#### ASSIGNMENT
When you reach the line in the data below that contains "Circle 及 Tether", please start repeating lines exactly, and stop after the line that contains "四川佳岳檢測(cè)咨詢(x", repeating nothing else.
-- DATA follows --
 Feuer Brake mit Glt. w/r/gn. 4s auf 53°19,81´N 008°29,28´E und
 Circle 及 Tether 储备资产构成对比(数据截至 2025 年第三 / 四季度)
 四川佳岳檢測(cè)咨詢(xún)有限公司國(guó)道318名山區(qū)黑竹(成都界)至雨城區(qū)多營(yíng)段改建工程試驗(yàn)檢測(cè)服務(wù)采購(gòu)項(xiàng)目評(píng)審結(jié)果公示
-- DATA concluded --
-- DATA follows --
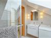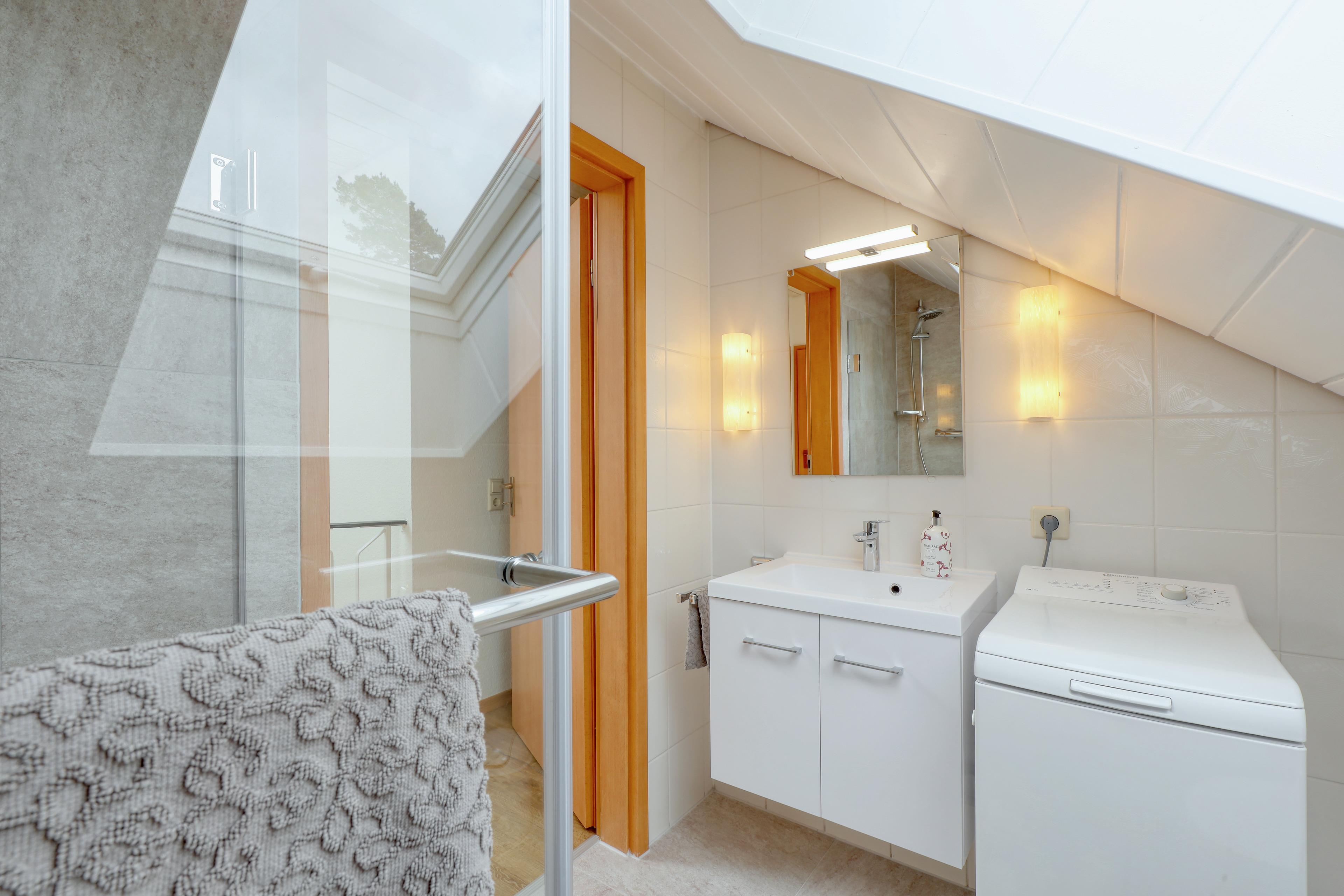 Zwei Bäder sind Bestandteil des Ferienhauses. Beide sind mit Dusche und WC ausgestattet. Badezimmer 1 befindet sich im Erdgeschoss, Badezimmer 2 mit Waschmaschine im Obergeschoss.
-- DATA concluded --
#### WRITTEN ANSWER
 Circle 及 Tether 储备资产构成对比(数据截至 2025 年第三 / 四季度)
 四川佳岳檢測(cè)咨詢(xún)有限公司國(guó)道318名山區(qū)黑竹(成都界)至雨城區(qū)多營(yíng)段改建工程試驗(yàn)檢測(cè)服務(wù)采購(gòu)項(xiàng)目評(píng)審結(jié)果公示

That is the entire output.